Files
awesome-llm-apps/rag_tutorials/qwen_local_rag/README.md

114 lines
3.6 KiB
Markdown

# 🐋 Qwen 3 Local RAG Reasoning Agent
This RAG Application demonstrates how to build a powerful Retrieval-Augmented Generation (RAG) system using locally running Qwen 3 and Gemma 3 models via Ollama. It combines document processing, vector search, and web search capabilities to provide accurate, context-aware responses to user queries.
## Features
- **🧠 Multiple Local LLM Options**:
- Qwen3 (1.7b, 8b) - Alibaba's latest language models
- Gemma3 (1b, 4b) - Google's efficient language models with multimodal capabilities
- DeepSeek (1.5b) - Alternative model option
- **📚 Comprehensive RAG System**:
- Upload and process PDF documents
- Extract content from web URLs
- Intelligent chunking and embedding
- Similarity search with adjustable threshold
- **🌐 Web Search Integration**:
- Fallback to web search when document knowledge is insufficient
- Configurable domain filtering
- Source attribution in responses
- **🔄 Flexible Operation Modes**:
- Toggle between RAG and direct LLM interaction
- Force web search when needed
- Adjust similarity thresholds for document retrieval
- **💾 Vector Database Integration**:
- Qdrant vector database for efficient similarity search
- Persistent storage of document embeddings
## How to Get Started
### Prerequisites
- [Ollama](https://ollama.ai/) installed locally
- Python 3.8+
- Qdrant account (free tier available) for vector storage
- Exa API key (optional, for web search capability)
### Installation
1. Clone the GitHub repository
```bash
git clone https://github.com/Shubhamsaboo/awesome-llm-apps.git
cd rag_tutorials/qwen_local_rag
```
2. Install the required dependencies:
```bash
pip install -r requirements.txt
```
3. Pull the required models using Ollama:
```bash
ollama pull qwen3:1.7b # Or any other model you want to use
ollama run snowflake-arctic-embed # Or any other model you want to use
```
4. Get your API keys:
- Qdrant API key and URL (for vector database)
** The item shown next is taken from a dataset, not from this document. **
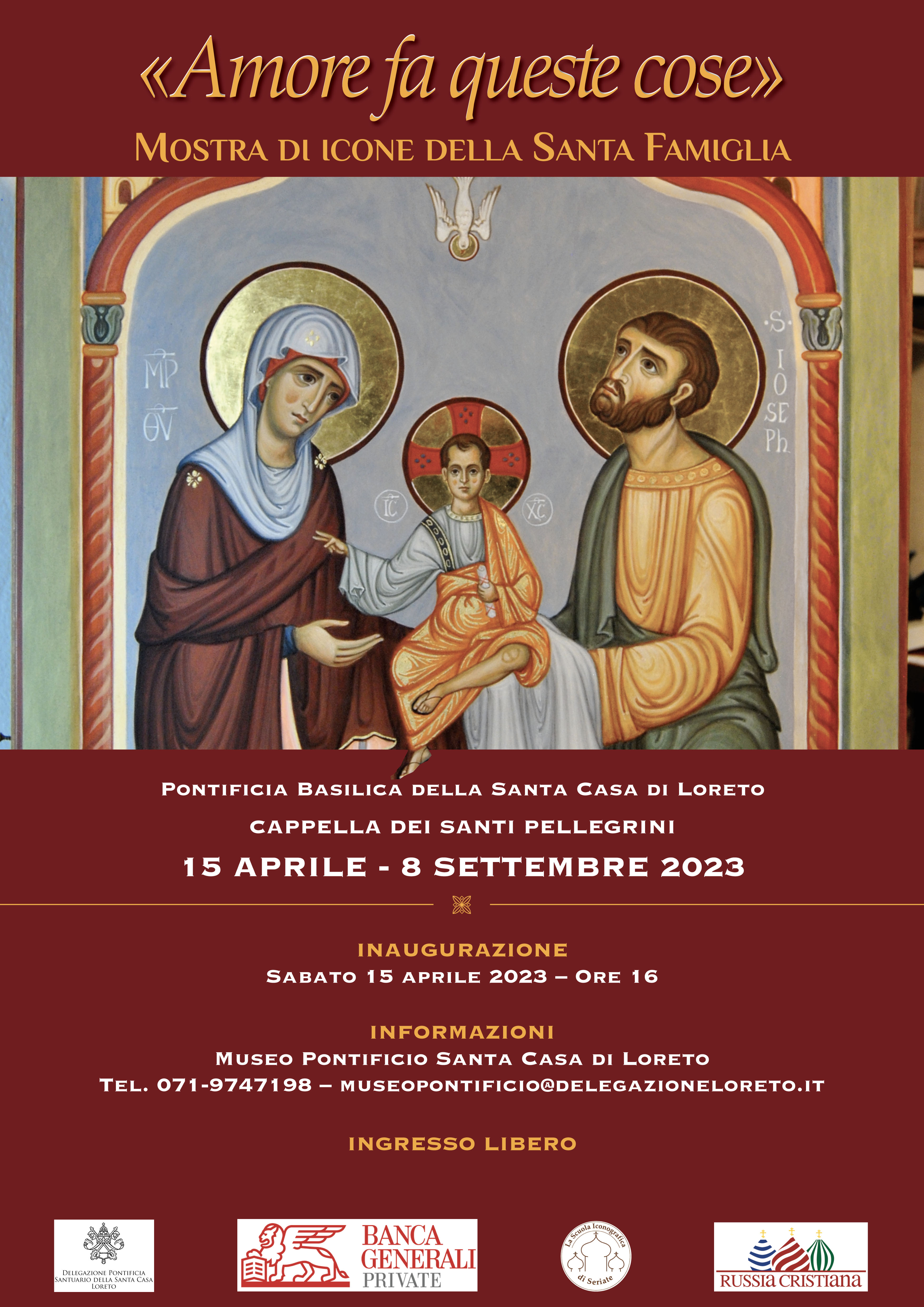LORETO – La Delegazione Pontificia è lieta di annunciare che sabato 15 aprile alle ore 16.00 sarà inaugurata e aperta al pubblico presso la Cappella dei Santi Pellegrini la mostra dal titolo “Amore fa queste cose”, proposte per un’iconografia della Santa Famiglia, a cura della Scuola Iconografica di Seriate in collaborazione con il Museo Pontificio Santa Casa e la Fondazione Russia Cristiana e con il contributo di Banca Generali Private.

- Exa API key (optional, for web search)
5. Run the application:
```bash
streamlit run qwen_local_rag_agent.py
```
## How It Works
1. **Document Processing**:
- PDF files are processed using PyPDFLoader
- Web content is extracted using WebBaseLoader
- Documents are split into chunks with RecursiveCharacterTextSplitter
2. **Vector Database**:
- Document chunks are embedded using Ollama's embedding models
- Embeddings are stored in Qdrant vector database
- Similarity search retrieves relevant documents based on query
3. **Query Processing**:
- User queries are analyzed to determine the best information source
- System checks document relevance using similarity threshold
- Falls back to web search if no relevant documents are found
4. **Response Generation**:
- Local LLM (Qwen/Gemma) generates responses based on retrieved context
- Sources are cited and displayed to the user
- Web search results are clearly indicated when used
## Configuration Options
- **Model Selection**: Choose between different Qwen, Gemma, and DeepSeek models
- **RAG Mode**: Toggle between RAG-enabled and direct LLM interaction
- **Search Tuning**: Adjust similarity threshold for document retrieval
- **Web Search**: Enable/disable web search fallback and configure domain filtering
## Use Cases
- **Document Q&A**: Ask questions about your uploaded documents
- **Research Assistant**: Combine document knowledge with web search
- **Local Privacy**: Process sensitive documents without sending data to external APIs
- **Offline Operation**: Run advanced AI capabilities with limited or no internet access
## Requirements
See `requirements.txt` for the complete list of dependencies.